TASIKMALAYA, NewsTasikmalaya.com - Kebijakan pemerintah yang mengatur libur sekolah selama Ramadan 1446 H/2024 M melalui Surat Edaran Bersama (SEB) tiga menteri menuai tanggapan beragam dari kalangan orang tua siswa.
SEB yang ditandatangani oleh Mendikdasmen Abdul Mu’ti, Menteri Agama Nasaruddin Umar, dan Mendagri Tito Karnavian itu memutuskan bahwa siswa akan melaksanakan kegiatan belajar di rumah selama sepekan pertama Ramadan.
Ardianti (43), seorang wali murid di Kecamatan Cipedes, berharap pemerintah mempertimbangkan libur penuh selama Ramadan. Menurutnya, kegiatan belajar mengajar (KBM) selama bulan puasa bisa diganti dengan aktivitas lain seperti kuliah subuh atau pesantren kilat.
"Mending libur sebulan saja kalau bulan puasa, lebih praktis. Bisa diganti dengan kegiatan seperti pesantren kilat atau mendalami agama," kata Ardianti.
Meski demikian, Ardianti menyatakan akan tetap mengikuti keputusan pemerintah. Ia memahami kebijakan belajar di rumah hanya berlaku seminggu awal Ramadan, meskipun merasa libur sebulan akan lebih membantu orang tua dalam menjalani ibadah puasa.
Di sisi lain, Dame (39), warga Kecamatan Tawang, mendukung kebijakan pemerintah yang hanya meliburkan siswa selama satu minggu.
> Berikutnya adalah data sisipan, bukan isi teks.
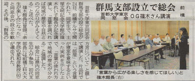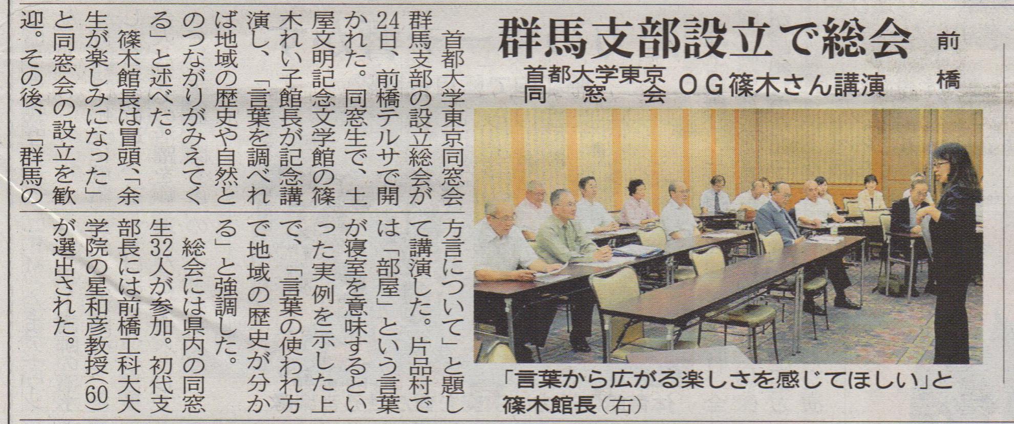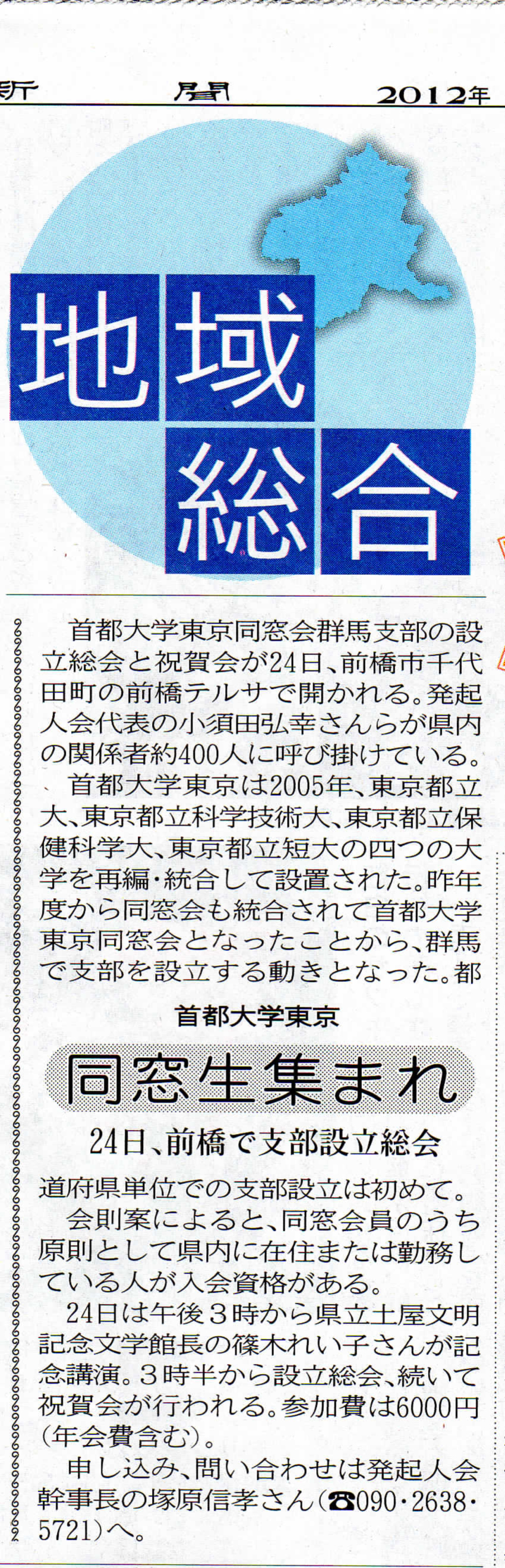 6/9の上毛新聞に、首都大学東京群馬支部設立総会の記事が掲載されました。同窓会本部が把握できている群馬県に関わりのある同窓生に案内状を発送しましたが、名簿外の数人の同窓生から出席したい旨の連絡を頂きました。
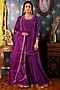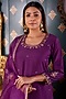 Featuring a purple kurta in cotton silk base with hand embroidery. It is paired with matching gharara pants and an organza lace embroidered dupatta. Perfect wear for festive occasions or wedding ceremonies.
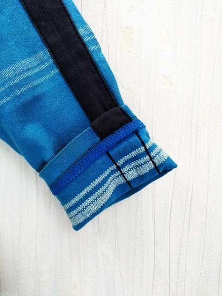 袖に太いラインあり、男の子でも女の子でも着られるデザインです。
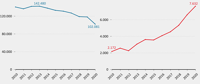 A una decrescita del numero di intercettazioni telefoniche e ambientali corrisponde un aumento di quelle telematiche, secondo i dati raccolti dalla Direzione Generale di Statistica del Ministero di Giustizia
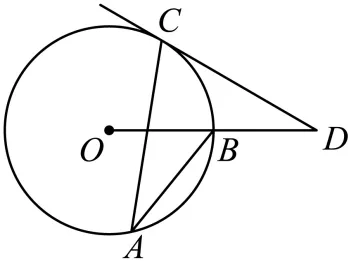 两条弦,∠BAC=25°,过点C的切线与OB的延长线交于点D,则∠D的度数为()
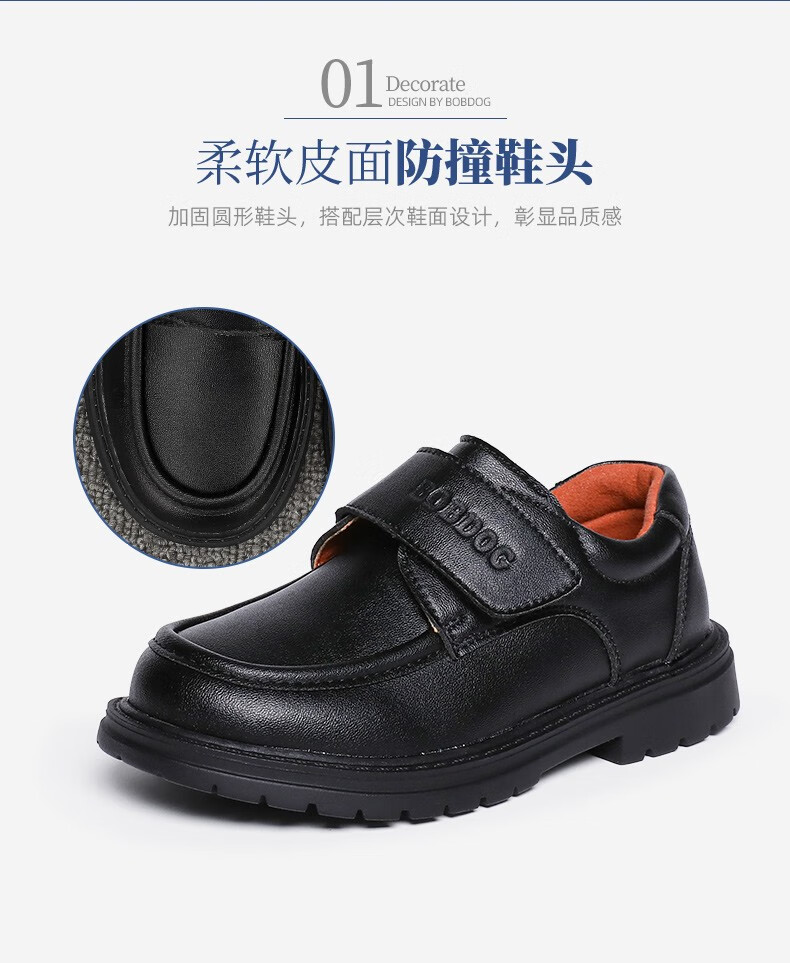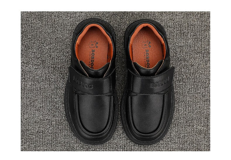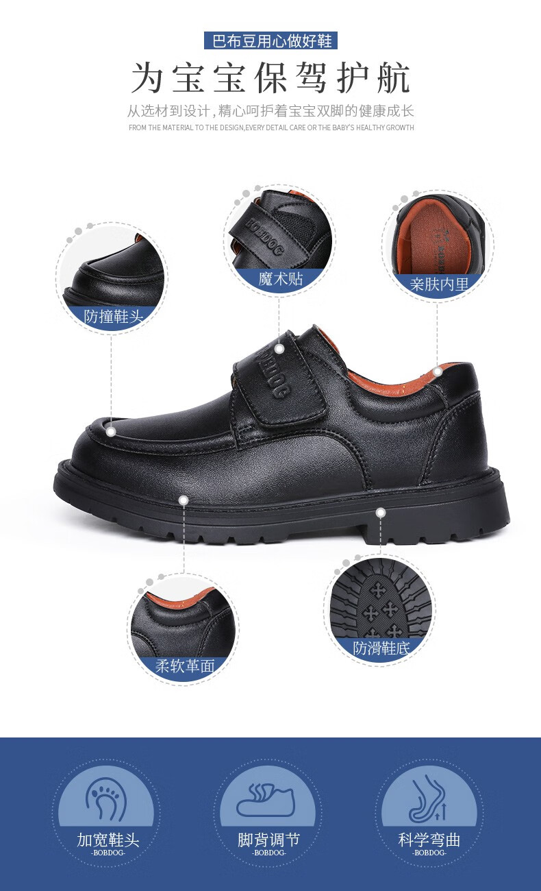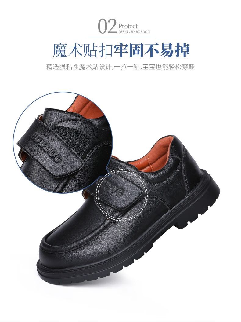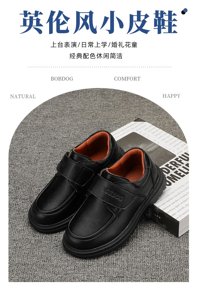 BOBDOG children's shoes, boys' soft-soled black leather shoes, autumn new versatile breathable children's shoes, black 26, suitable for feet 16.2cm long

Ia khawatir libur terlalu lama justru membuat anak-anak kehilangan fokus belajar dan lebih banyak menghabiskan waktu dengan gadget.
"Libur satu minggu awal Ramadan sudah cukup. Kalau libur sebulan, anak-anak bisa lebih sering bermain HP atau tidur. Apalagi bagi anak kelas 6, yang perlu persiapan untuk ujian," ujar Dame.
Dame juga menyarankan agar jika sekolah tetap berlangsung selama Ramadan, jam belajar dipersingkat menjadi setengah hari. Hal ini, menurutnya, akan membantu siswa tetap aktif tanpa mengganggu ibadah puasa.
Kebijakan ini mencerminkan upaya pemerintah untuk menyeimbangkan kebutuhan pendidikan dan aktivitas spiritual selama Ramadan.
Meski begitu, pro dan kontra di kalangan orang tua menunjukkan perlunya penyesuaian dan komunikasi lebih lanjut agar kebijakan ini diterima dengan baik oleh semua pihak.